BPPT dan PT Garam bangun pabrik garam di NTT



KONTAN.CO.ID - JAKARTA. Kebutuhan garam sebagai bahan baku industri semakin meningkat, namun produksi dalam negeri belum mampu memenuhinya sehingga harus mengimpor. Badan Pengkajian dan Penerapan Teknologi (BPPT) dan PT Garam (Persero) bekerjasama untuk menekan ketergantungan impor garam.

Adapun bentuk kerja sama adalah membangun pilot project pabrik garam untuk industri di Bipolo, Kupang, Nusa Tenggara Timur (NTT) dengan konsep mengolah sumber daya air laut secara terintegrasi, dalam kawasan yang terintegrasi, sehingga nantinya dapat diperoleh berbagai komoditas produk antara lain garam industri, trace mineral, produk budidaya perikanan dan artemia.

"Indonesia khusunya NTT, mempunyai peluang memproduksi garam industri dengan kualitas garam impor. Sering kali permasalahan lahan menghambat investasi produksi garam industri di NTT," ungkap Kepala BPPT Unggul Priyanto kepada Kontan.co.id melalui keterangan tertulis pada Senin (20/11).

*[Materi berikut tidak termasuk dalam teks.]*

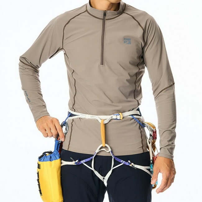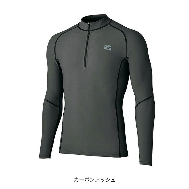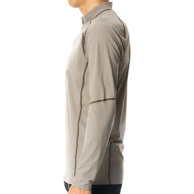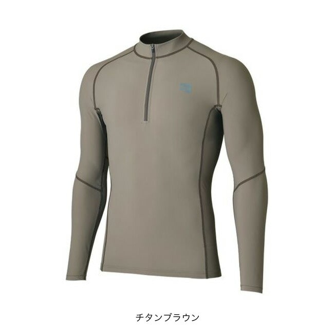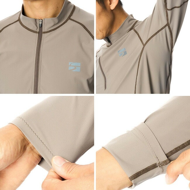 フロントジップで着脱や温度調節ががしやすく、日差しや擦れから首回りを保護するジップネックタイプです。
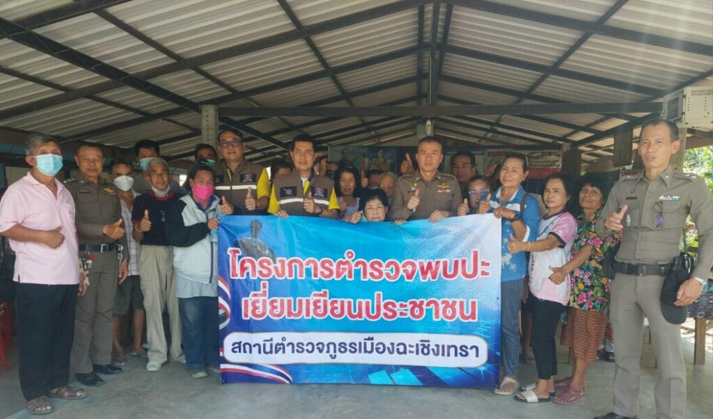 “เดอะแทค” จับมือภาค ปชช. ลงพื้นที่ตามโครงการ “ตำรวจพบปะเยี่ยมเยียนประชาชน” และ “RTP Cyber Village” วันที่ 28 ก.พ. 66 พ.ต.อ.ณัฐจักร จันลา ผกก.สภ.เมืองฉะเชิงเทรา พร้อมด้วย พ.ต.ท.อัณณพ จันทนภักดี สวป. เจ้าหน้าที่ตำรวจชุดมวลชนสัมพันธ์ และตัวแทนภาคประชาชน นายประชา คล้ายสิงห์ กต.ตร.ภ.จว.ฉช นายมานัส โท้เป๋า ประธาน กต.ตร.สภ.เมืองฯ ร่วมลงพื้นที่พบปะเยี่ยมเยียนประชาชน สอบถามว่ามีปัญหาร้องเรียนในเรื่องใดบ้าง เพื่อหาแนวทางแก้ปัญหา ตามโครงการ “ตำรวจพบปะเยี่ยมเยียนประชาชน” และโครงการ “RTP Cyber Village” โดยมี นายสัมพันธ์ จันทมาศ กำนันตำบลบ้านใหม่ ผู้นำท้องถิ่น ให้การต้อนรับ ณ ที่ทำการกำนัน หมู่ 1 ต.บ้านใหม่
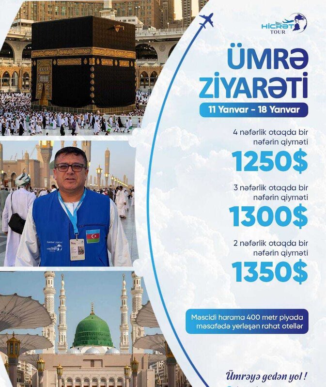 1300 Azn HİCRƏT TOUR, Ümrə və Həcc ziyarətlərinizi rahat , mənəvi və unudulmaz bir təcrübəyə çevirmək üçün sizin xidmətinizdədir.Biz sizə ruhən dolğun, mənəvi bir ziyarət təqdim edirik.
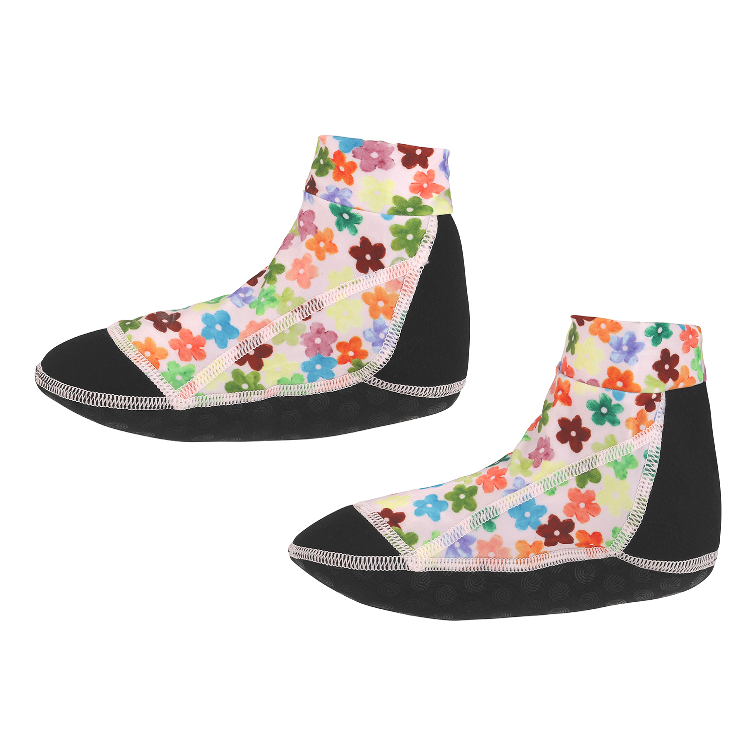 Black aqua socks with a pink floral print. They protect small feet against sharp objects and warm sand. The socks are constructed in recycled, stretchy polyester, which makes them easy to slip on and off. Molo's swimwear has a high level, 50+ UV protection.
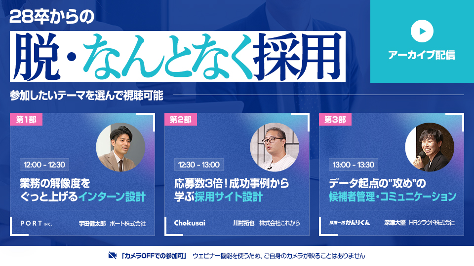 【録画配信】今から考える、28卒優秀層の「見つけ方」「出会い方」「口説き方」 ~学生アンケートから紐解く、インターン設計とスカウト活用~
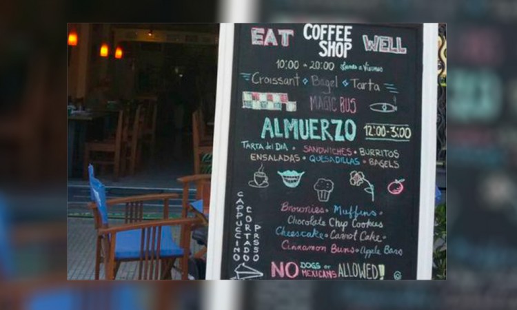 La embajada de México en Uruguay presentó una protesta formal ante la cancillería uruguaya, luego de que en redes sociales se desató una polémica por un cartel en un café-bar de Montevideo en el que se prohibía la entrada a perros y mexicanos. El escrito presentado por la sede diplomática mexicana denunció "la lamentable y deplorable actitud racista, discriminatoria y xenófoba ostentada por el café". "La embajada (de México) reprueba y rechaza terminantemente la exhibición sobre la vía pública de un cartel en el que se ofende y discrimina a los nacionales mexicanos", apuntó. Por lo que solicitó a la cancillería uruguaya "ser el conducto con las instancias a que haya lugar para que el mencionado negocio deje de fomentar de manera inmediata y definitiva actitudes denigrantes". Por su parte, la alcaldía de Montevideo inició un expediente sobre el caso a raíz de las denuncias recibidas. En tanto, el comercio fue notificado de que estaba violando una ley que prohíbe las conductas racistas y fue exhortado a que cese esa práctica, informó Fabiana Goyeneche, directora de Desarrollo Social de la alcaldía. Goyeneche indicó que cuando los inspectores municipales visitaron el local la leyenda ya había sido borrada del pizarrón; sin embargo, la Secretaría de Derechos Humanos y la Institución Nacional de Derechos Humanos de Uruguay ya están al tanto del caso y podrían tomar medidas. El bar emitió un comunicado señalando que todo había sido producto de una broma mal entendida, pues la cuestionada frase "No dogs or mexicans allowed (no se permiten perros ni mexicanos)" fue tomada de la película The hateful eight, de Quentin Tarantino, y que allí no se discrimina a nadie. "Entendemos que puede haber sido insultante de manera accidental, por lo que es necesario aclarar que nunca haríamos este tipo de declaración en serio", dijo. Coffee Shop se presenta en las redes sociales como un "bar americano moderno". La difusión de la imagen del pizarrón del bar a través de las redes sociales provocó una intensa polémica entre quienes defendían el cartel por decir que sólo se trataba de una referencia para cinéfilos y los que veían un contenido racista. |
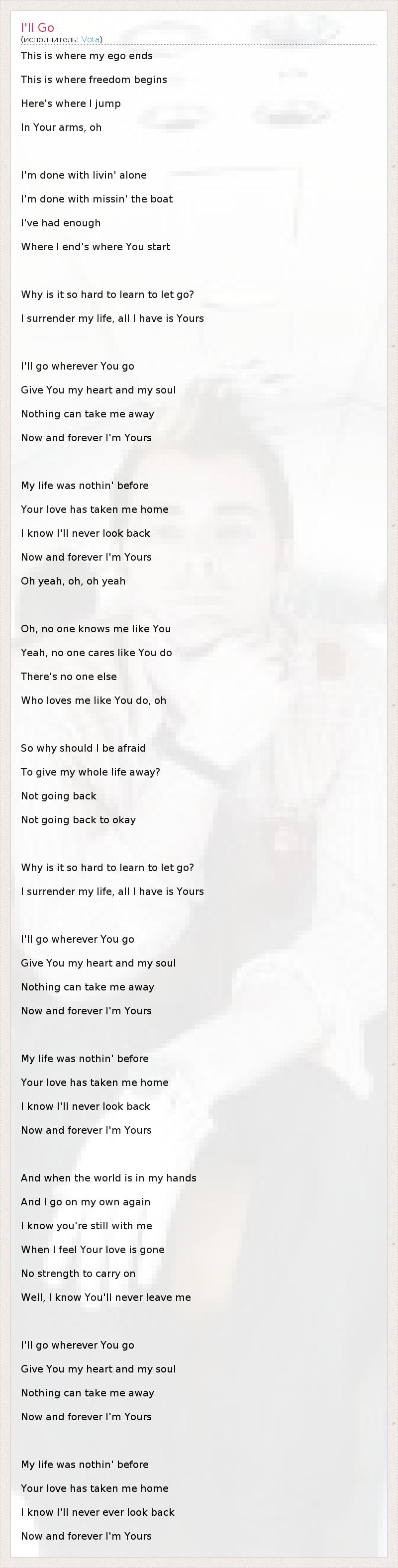 This is where my ego ends This is where freedom begins Here's where I jump In Your arms, oh I'm done with livin' alone I'm done with missin' the boat I've had enough Where I end's where You start Why is it so hard to learn to let go? I surrender my life, all I have is Yours I'll go wherever You go Give You my heart and my soul Nothing can take me away Now and forever I'm Yours My life was nothin' before Your love has taken me home I know I'll never look back Now and forever I'm Yours Oh yeah, oh, oh yeah Oh, no one knows me like You Yeah, no one cares like You do There's no one else Who loves me like You do, oh So why should I be afraid To give my whole life away? Not going back Not going back to okay Why is it so hard to learn to let go? I surrender my life, all I have is Yours I'll go wherever You go Give You my heart and my soul Nothing can take me away Now and forever I'm Yours My life was nothin' before Your love has taken me home I know I'll never look back Now and forever I'm Yours And when the world is in my hands And I go on my own again I know you're still with me When I feel Your love is gone No strength to carry on Well, I know You'll never leave me I'll go wherever You go Give You my heart and my soul Nothing can take me away Now and forever I'm Yours My life was nothin' before Your love has taken me home I know I'll never ever look back Now and forever I'm Yours

Beberapa lokasi yang berpotensi untuk dikembangkan menjadi kawasan lahan pengaraman modern antara lain di Teluk Kupang.

Sabu Raijua, Nagekeo, Ende dan Waingapu. Diperkirakan di Nusa Tenggara Timur terdapat lahan potensiai sebesar kurang lebih 15.000 ha. Melalui pembangunan lahan pegaraman secara modern maka potensi produksi garam kualitas industri dari NTT diperkirakan bisa mencapai 1,5 juta ton per tahun. Indonesia saat ini impor garam dari Australia rata-rata 1,8 juta ton per tahun.

Sebagai informasi, kesepakatan bersama antara BPPT dengan PT Garam (Persero) ini dimaksudkan sebagai payung hukum untuk kerja sama dalam pengembangan lahan pegaraman terintegrasi di kawasan lahan pegaraman di Kupang Nusa Tenggara.

Kegiatan telah dimulai di akhir tahun 2017, dan pada tahun 2018 dengan dibangunnya pilot project pabrik refinery garam untuk menghasilkan garam kualitas industri yang akan dikerjakan secara bersama-sama antara BBTP dengan PT Garam (Persero).